What legal action can a shareholder take in this situation?

This article considers some of the options that are available to shareholders.

This starting point is the shareholders agreement. This agreement (if it exists) may have an agreed pathway that deals with the way in which disputes and sale of shareholders must be resolved. Shareholders are free to enter into a contract with each other and with the company so long as those contracts do not conflict with the Companies act 1993. In the absence of such an agreement, the rights of the parties fall back on the general law.

S 174 of the Companies Act 1993

A disgruntled shareholder is able to bring a claim before the court seeking relief if they can demonstrate that the affairs of the company have been, are being or are likely to be, conducted in a manner that is oppressive, unfairly discriminatory or unfairly prejudicial.

Johnson v Snyed is a good example of a shareholders dispute in a small business. In this case, the plaintiff and the defendant were the directors and two of the shareholders in a small printing company based in Masterton. There was a third shareholder who was the defendant’s partner. The plaintiff owned 50% of the shares and the defendant and his partner held 25% each. The company was incorporated on 1 July 1981 and had no formal constitution.

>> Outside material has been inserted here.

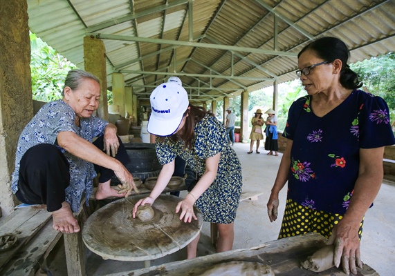 Trải nghiệm làm gốm truyền thống tại làng cổ Phước Tích Ảnh: Ban quản lý làng cổ Phước Tích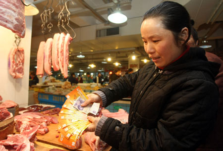 2月18日,在杭州市仙林苑農(nóng)貿(mào)市場(chǎng),一位市民準(zhǔn)備用剛領(lǐng)到的農(nóng)貿(mào)市場(chǎng)消費(fèi)券購買豬肉。當(dāng)日,杭州市下城區(qū)部分困難家庭領(lǐng)到了社區(qū)附近農(nóng)貿(mào)市場(chǎng)發(fā)放的專用消費(fèi)券,持券家庭可在指定農(nóng)貿(mào)市場(chǎng)內(nèi)購買糧、油、菜等。1月底,杭州市部分農(nóng)貿(mào)市場(chǎng)率先發(fā)放農(nóng)貿(mào)市場(chǎng)專用消費(fèi)券,惠及杭州市、區(qū)兩級(jí)低保、困難家庭。從2月18日開始的第二批消費(fèi)券發(fā)放活動(dòng),參與這項(xiàng)活動(dòng)的農(nóng)貿(mào)市場(chǎng)和受惠家庭范圍都有所擴(kuò)大。 |

The business relationship between the plaintiff and defendant began to deteriorate sometime in the late 1990s and eventually broke down completely. The plaintiff said that the affairs of the company have been, or are being, or are likely to be, conducted in a manner that is likely to be oppressive, unfairly discriminatory or unfairly prejudicial to him in his capacity as a director and shareholder. He sought relief pursuant to s 174 of the Companies Act in the form of an order that the defendant’s shares be transferred to him and/or the defendant disqualified as a director. Alternatively, he sought relief pursuant to s 383 of the Act in the form of an order disqualifying the defendant as a director for a period of one year.

The plaintiff’s claim was based upon three alleged instances of serious misconduct on the part of the defendant: a forgery relating to company documentation and two incidents of unauthorised transfer of company funds.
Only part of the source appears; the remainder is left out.